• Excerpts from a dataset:
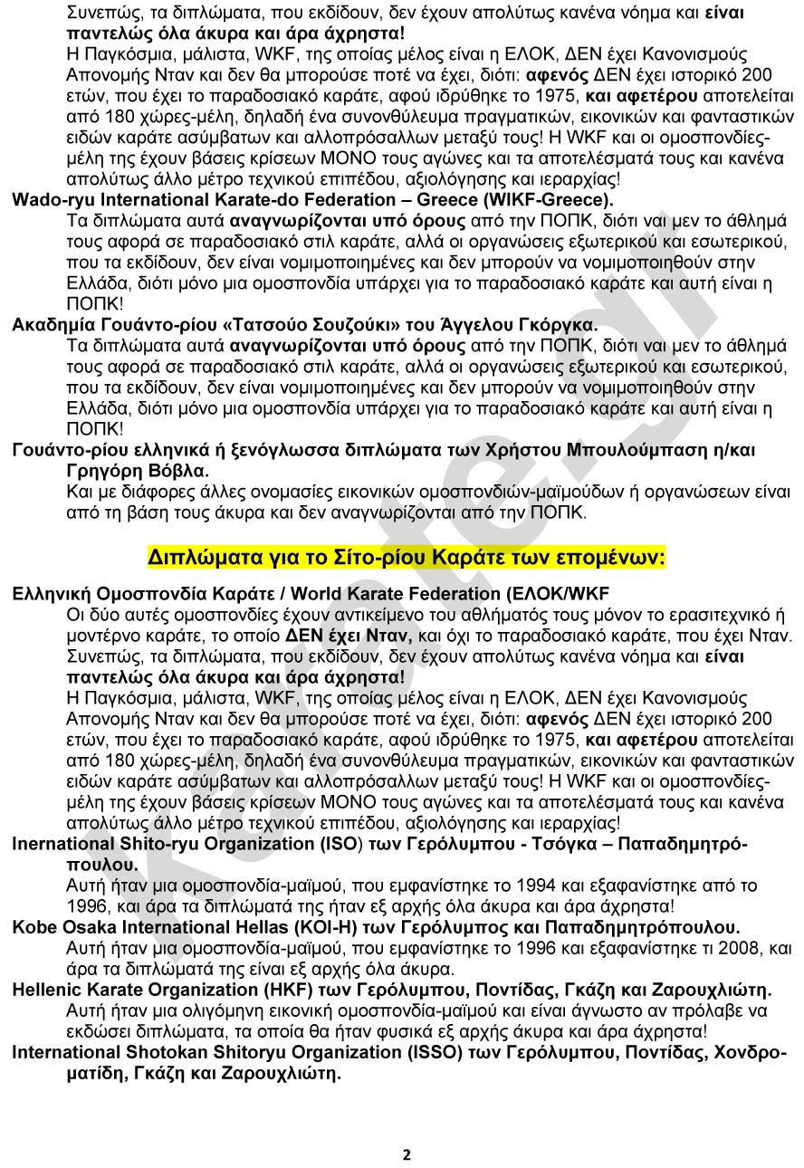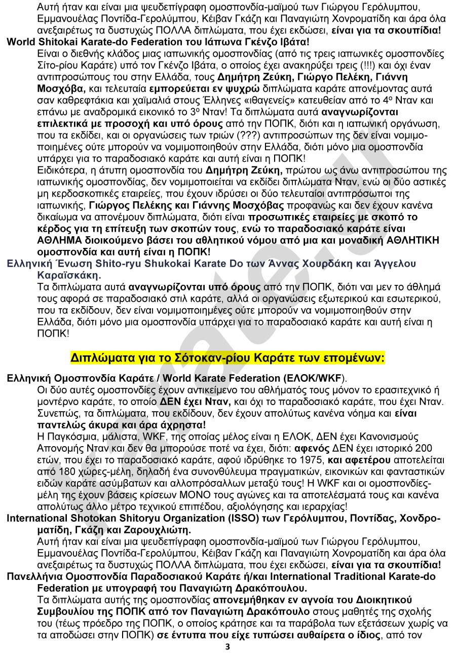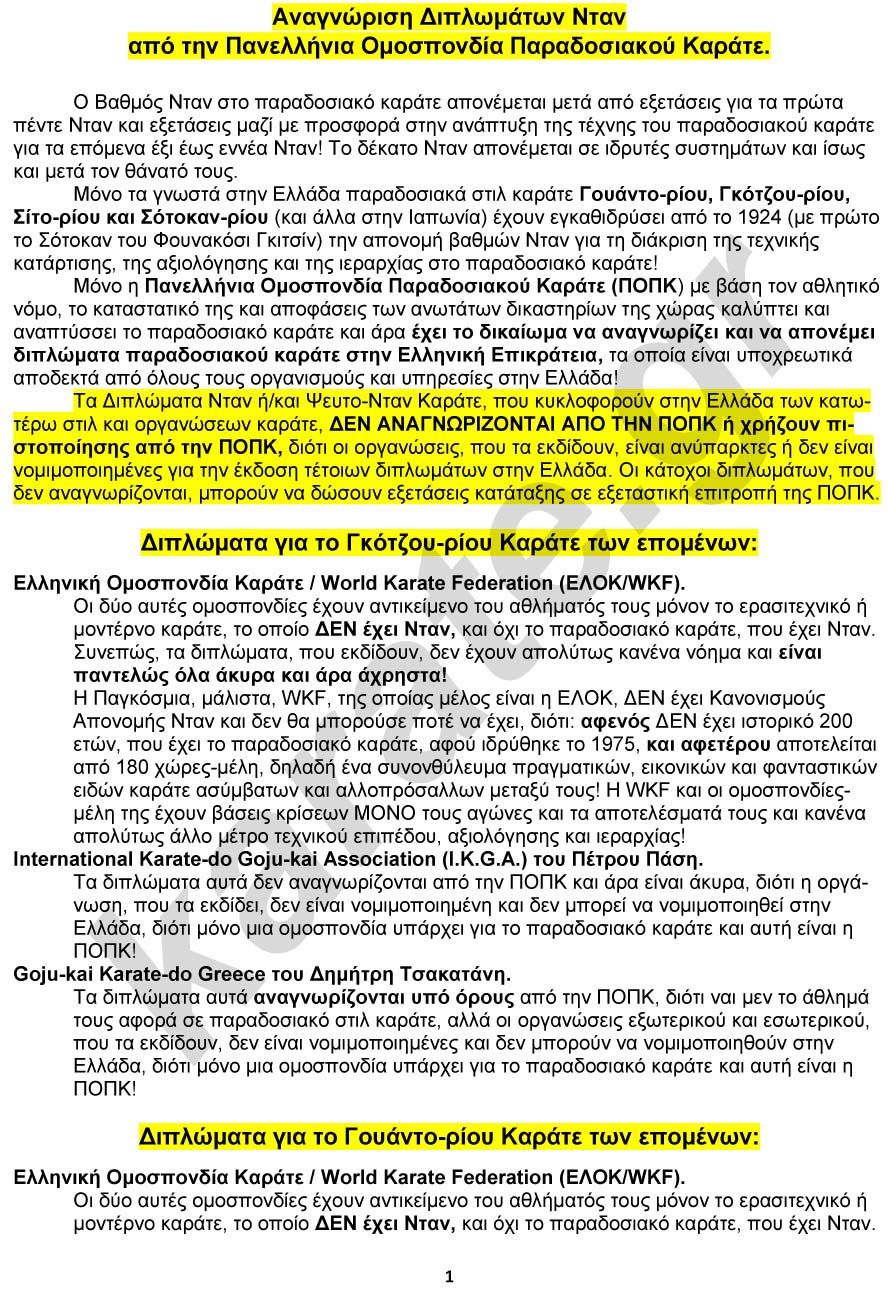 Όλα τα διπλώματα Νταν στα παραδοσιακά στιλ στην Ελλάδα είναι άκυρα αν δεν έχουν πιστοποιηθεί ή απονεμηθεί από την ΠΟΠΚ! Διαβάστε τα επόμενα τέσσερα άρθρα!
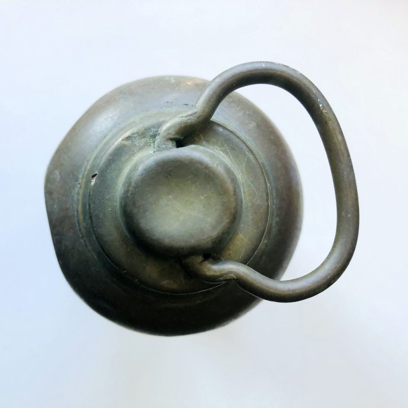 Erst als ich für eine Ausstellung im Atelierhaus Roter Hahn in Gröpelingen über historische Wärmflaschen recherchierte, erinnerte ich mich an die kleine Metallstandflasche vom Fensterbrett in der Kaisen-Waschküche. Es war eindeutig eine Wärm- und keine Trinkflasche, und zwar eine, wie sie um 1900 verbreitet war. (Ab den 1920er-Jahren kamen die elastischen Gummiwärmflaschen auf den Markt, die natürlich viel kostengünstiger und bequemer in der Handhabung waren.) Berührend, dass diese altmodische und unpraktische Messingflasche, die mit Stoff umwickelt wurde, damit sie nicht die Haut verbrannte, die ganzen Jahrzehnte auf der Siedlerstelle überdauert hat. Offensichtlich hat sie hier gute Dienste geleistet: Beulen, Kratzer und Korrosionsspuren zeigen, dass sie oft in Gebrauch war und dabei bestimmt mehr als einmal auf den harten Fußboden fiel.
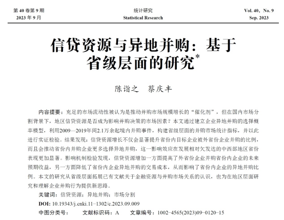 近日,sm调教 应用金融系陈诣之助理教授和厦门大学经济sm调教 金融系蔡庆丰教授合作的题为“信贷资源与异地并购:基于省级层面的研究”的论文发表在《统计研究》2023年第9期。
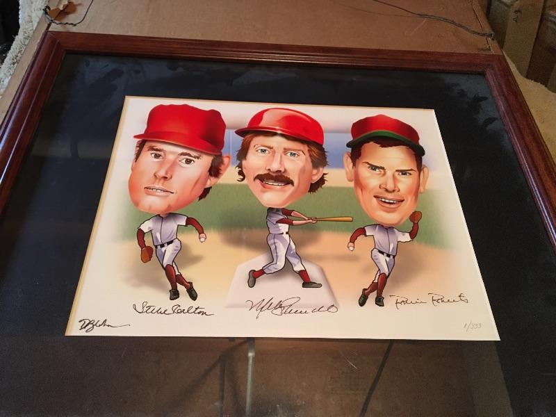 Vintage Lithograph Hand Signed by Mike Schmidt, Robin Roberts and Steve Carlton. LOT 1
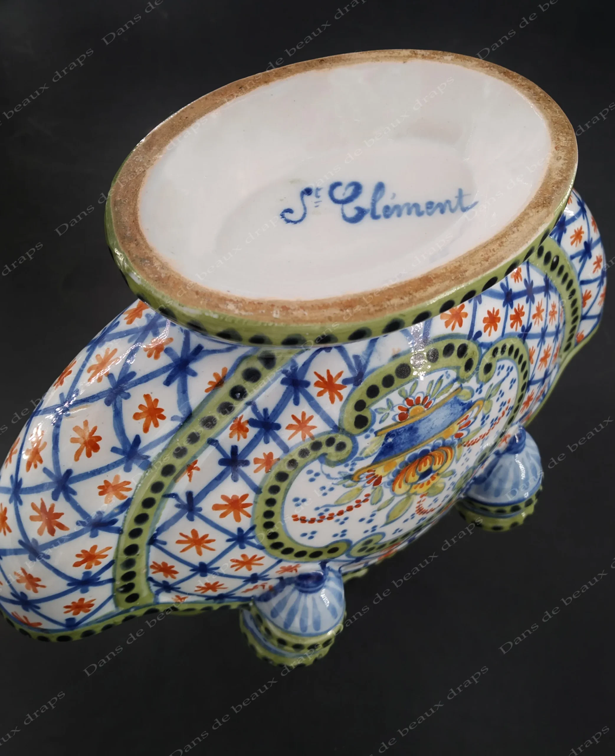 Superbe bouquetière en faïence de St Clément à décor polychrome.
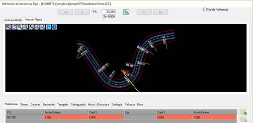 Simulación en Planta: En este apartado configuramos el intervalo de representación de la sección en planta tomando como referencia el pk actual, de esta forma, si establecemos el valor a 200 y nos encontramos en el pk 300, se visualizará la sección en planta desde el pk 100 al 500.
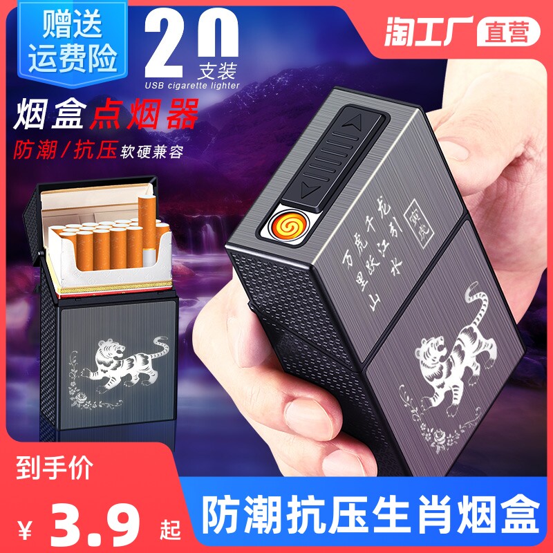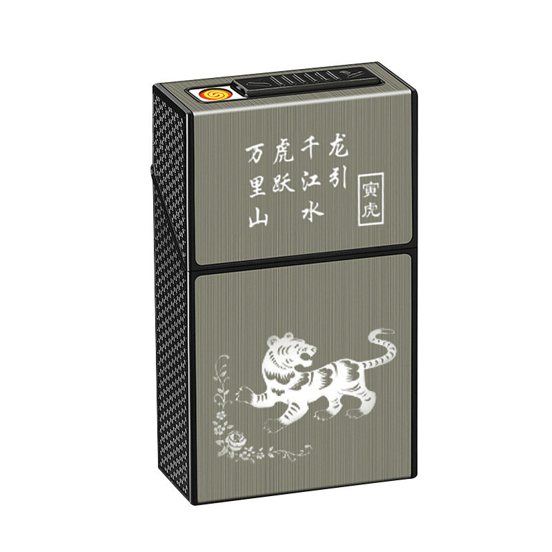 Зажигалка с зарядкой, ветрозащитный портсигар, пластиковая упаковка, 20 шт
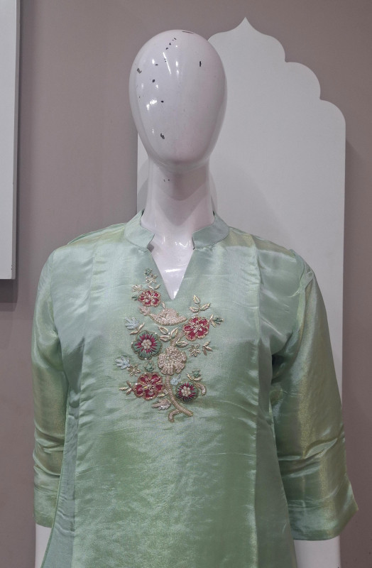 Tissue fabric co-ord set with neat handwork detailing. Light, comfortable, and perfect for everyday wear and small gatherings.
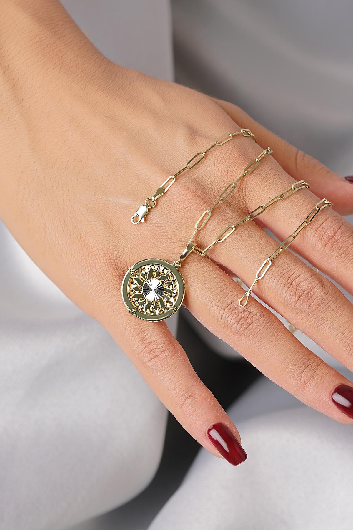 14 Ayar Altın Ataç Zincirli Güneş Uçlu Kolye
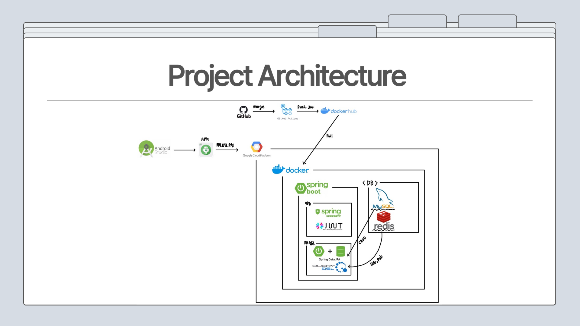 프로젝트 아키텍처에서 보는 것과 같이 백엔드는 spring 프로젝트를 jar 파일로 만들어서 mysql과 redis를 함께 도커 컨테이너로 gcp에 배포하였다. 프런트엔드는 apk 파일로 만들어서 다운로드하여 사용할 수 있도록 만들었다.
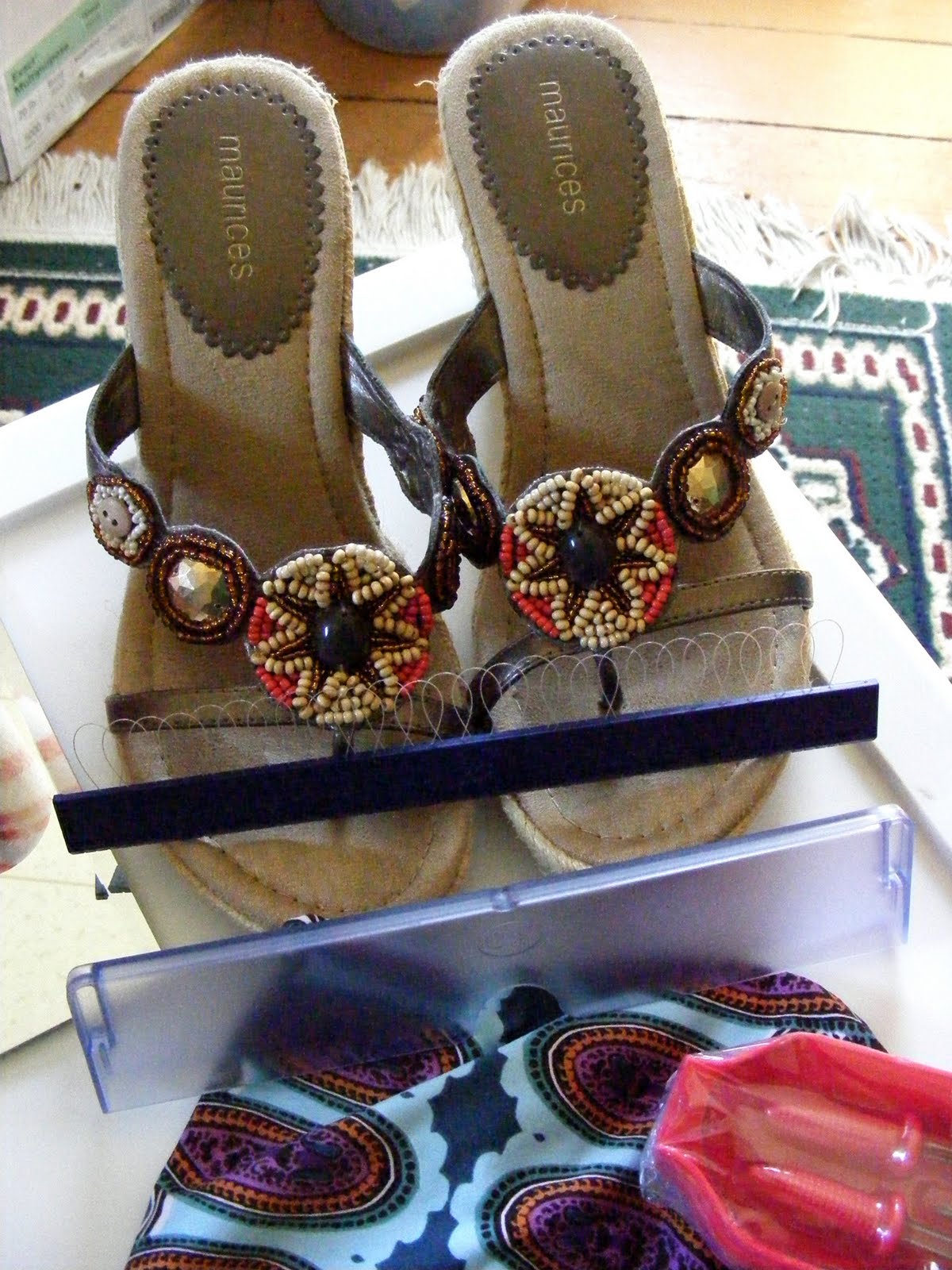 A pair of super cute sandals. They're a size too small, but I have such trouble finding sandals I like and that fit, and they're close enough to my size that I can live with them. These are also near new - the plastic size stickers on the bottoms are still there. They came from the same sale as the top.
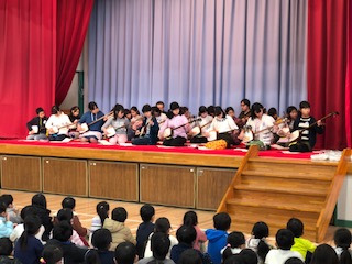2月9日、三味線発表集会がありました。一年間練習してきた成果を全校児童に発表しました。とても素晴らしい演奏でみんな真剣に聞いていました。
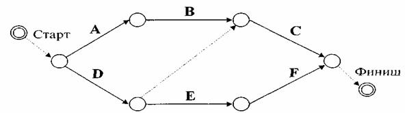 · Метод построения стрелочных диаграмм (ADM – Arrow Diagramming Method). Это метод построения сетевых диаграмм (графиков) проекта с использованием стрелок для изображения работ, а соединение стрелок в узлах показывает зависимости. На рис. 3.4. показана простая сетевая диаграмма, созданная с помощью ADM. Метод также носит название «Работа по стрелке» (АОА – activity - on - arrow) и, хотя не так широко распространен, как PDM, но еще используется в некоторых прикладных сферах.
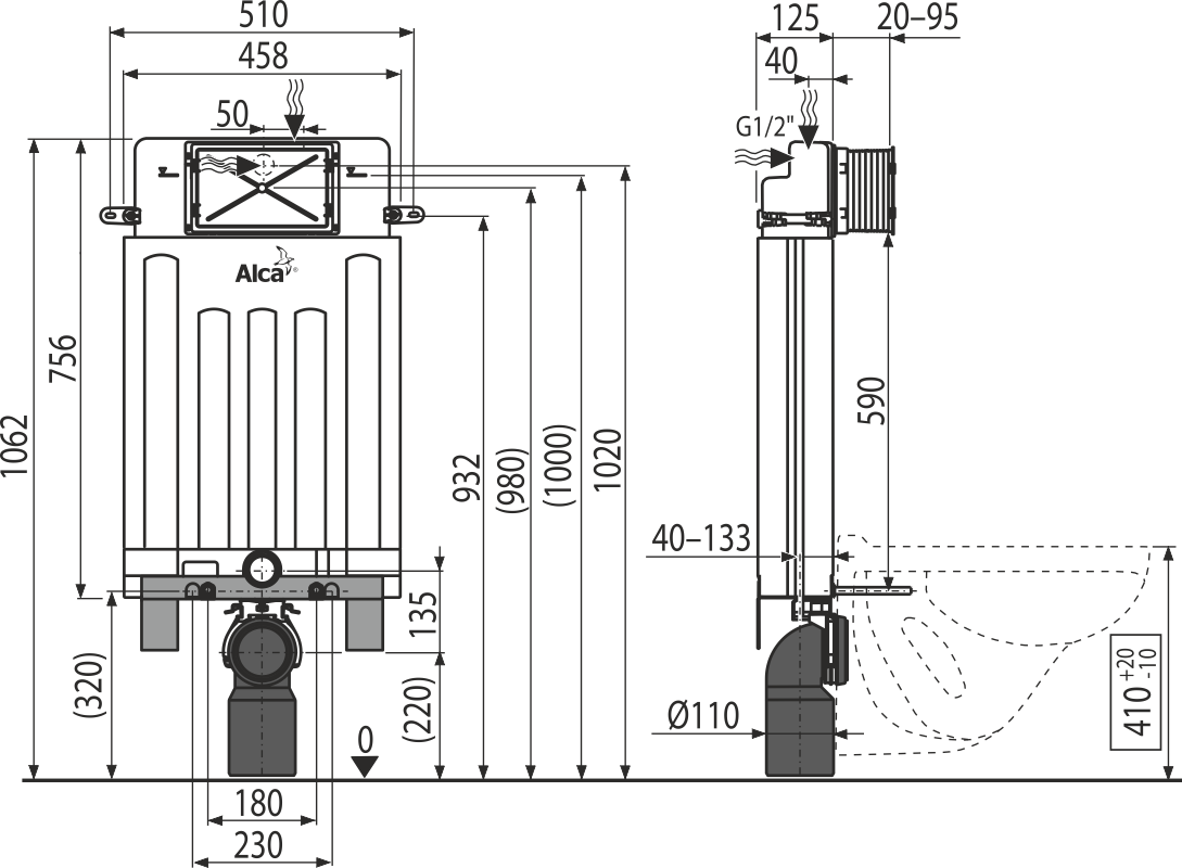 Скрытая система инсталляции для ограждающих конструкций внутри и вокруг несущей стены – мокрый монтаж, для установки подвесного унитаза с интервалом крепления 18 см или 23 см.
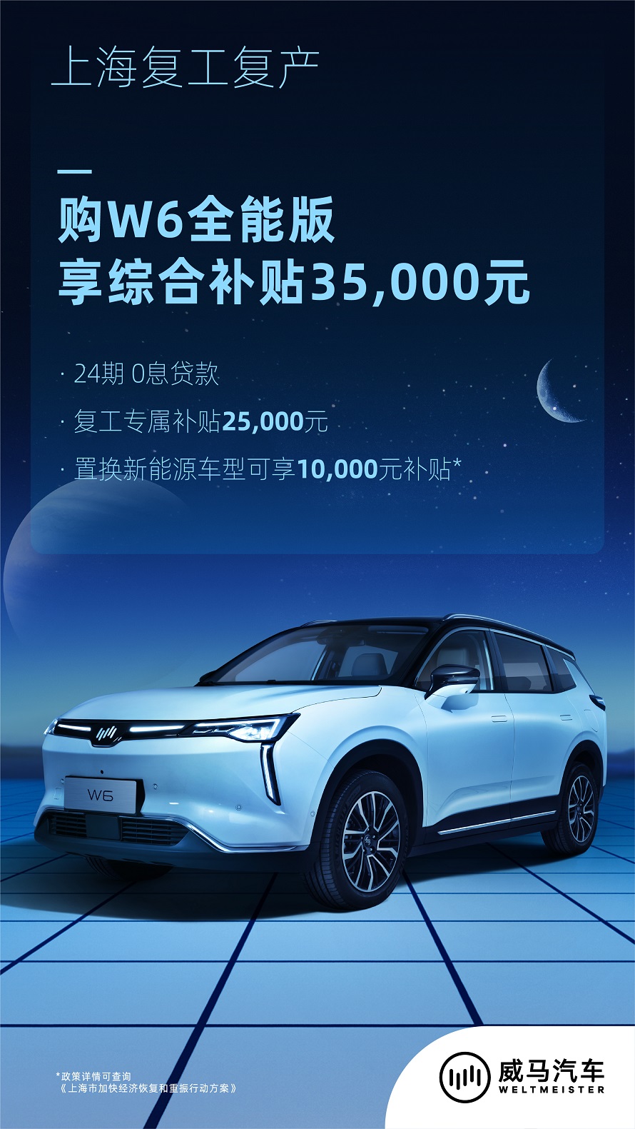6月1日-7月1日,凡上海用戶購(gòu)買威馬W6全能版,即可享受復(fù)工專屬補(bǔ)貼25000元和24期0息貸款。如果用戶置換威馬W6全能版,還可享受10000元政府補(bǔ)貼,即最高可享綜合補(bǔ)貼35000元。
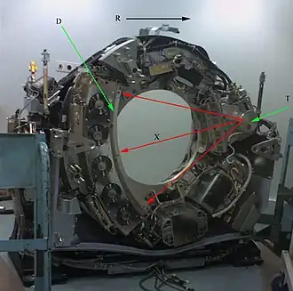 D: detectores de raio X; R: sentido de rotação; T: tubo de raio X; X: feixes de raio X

• PROBLEM TO WORK ON:
Transcribe all the lines above exactly; any image among them is skipped.

• EXPECTED ANSWER:
 Όλα τα διπλώματα Νταν στα παραδοσιακά στιλ στην Ελλάδα είναι άκυρα αν δεν έχουν πιστοποιηθεί ή απονεμηθεί από την ΠΟΠΚ! Διαβάστε τα επόμενα τέσσερα άρθρα!
 Erst als ich für eine Ausstellung im Atelierhaus Roter Hahn in Gröpelingen über historische Wärmflaschen recherchierte, erinnerte ich mich an die kleine Metallstandflasche vom Fensterbrett in der Kaisen-Waschküche. Es war eindeutig eine Wärm- und keine Trinkflasche, und zwar eine, wie sie um 1900 verbreitet war. (Ab den 1920er-Jahren kamen die elastischen Gummiwärmflaschen auf den Markt, die natürlich viel kostengünstiger und bequemer in der Handhabung waren.) Berührend, dass diese altmodische und unpraktische Messingflasche, die mit Stoff umwickelt wurde, damit sie nicht die Haut verbrannte, die ganzen Jahrzehnte auf der Siedlerstelle überdauert hat. Offensichtlich hat sie hier gute Dienste geleistet: Beulen, Kratzer und Korrosionsspuren zeigen, dass sie oft in Gebrauch war und dabei bestimmt mehr als einmal auf den harten Fußboden fiel.
 近日,sm调教 应用金融系陈诣之助理教授和厦门大学经济sm调教 金融系蔡庆丰教授合作的题为“信贷资源与异地并购:基于省级层面的研究”的论文发表在《统计研究》2023年第9期。
 Vintage Lithograph Hand Signed by Mike Schmidt, Robin Roberts and Steve Carlton. LOT 1
 Superbe bouquetière en faïence de St Clément à décor polychrome.
 Simulación en Planta: En este apartado configuramos el intervalo de representación de la sección en planta tomando como referencia el pk actual, de esta forma, si establecemos el valor a 200 y nos encontramos en el pk 300, se visualizará la sección en planta desde el pk 100 al 500.
 Зажигалка с зарядкой, ветрозащитный портсигар, пластиковая упаковка, 20 шт
 Tissue fabric co-ord set with neat handwork detailing. Light, comfortable, and perfect for everyday wear and small gatherings.
 14 Ayar Altın Ataç Zincirli Güneş Uçlu Kolye
 프로젝트 아키텍처에서 보는 것과 같이 백엔드는 spring 프로젝트를 jar 파일로 만들어서 mysql과 redis를 함께 도커 컨테이너로 gcp에 배포하였다. 프런트엔드는 apk 파일로 만들어서 다운로드하여 사용할 수 있도록 만들었다.
 A pair of super cute sandals. They're a size too small, but I have such trouble finding sandals I like and that fit, and they're close enough to my size that I can live with them. These are also near new - the plastic size stickers on the bottoms are still there. They came from the same sale as the top.
2月9日、三味線発表集会がありました。一年間練習してきた成果を全校児童に発表しました。とても素晴らしい演奏でみんな真剣に聞いていました。
 · Метод построения стрелочных диаграмм (ADM – Arrow Diagramming Method). Это метод построения сетевых диаграмм (графиков) проекта с использованием стрелок для изображения работ, а соединение стрелок в узлах показывает зависимости. На рис. 3.4. показана простая сетевая диаграмма, созданная с помощью ADM. Метод также носит название «Работа по стрелке» (АОА – activity - on - arrow) и, хотя не так широко распространен, как PDM, но еще используется в некоторых прикладных сферах.
 Скрытая система инсталляции для ограждающих конструкций внутри и вокруг несущей стены – мокрый монтаж, для установки подвесного унитаза с интервалом крепления 18 см или 23 см.
6月1日-7月1日,凡上海用戶購(gòu)買威馬W6全能版,即可享受復(fù)工專屬補(bǔ)貼25000元和24期0息貸款。如果用戶置換威馬W6全能版,還可享受10000元政府補(bǔ)貼,即最高可享綜合補(bǔ)貼35000元。
 D: detectores de raio X; R: sentido de rotação; T: tubo de raio X; X: feixes de raio X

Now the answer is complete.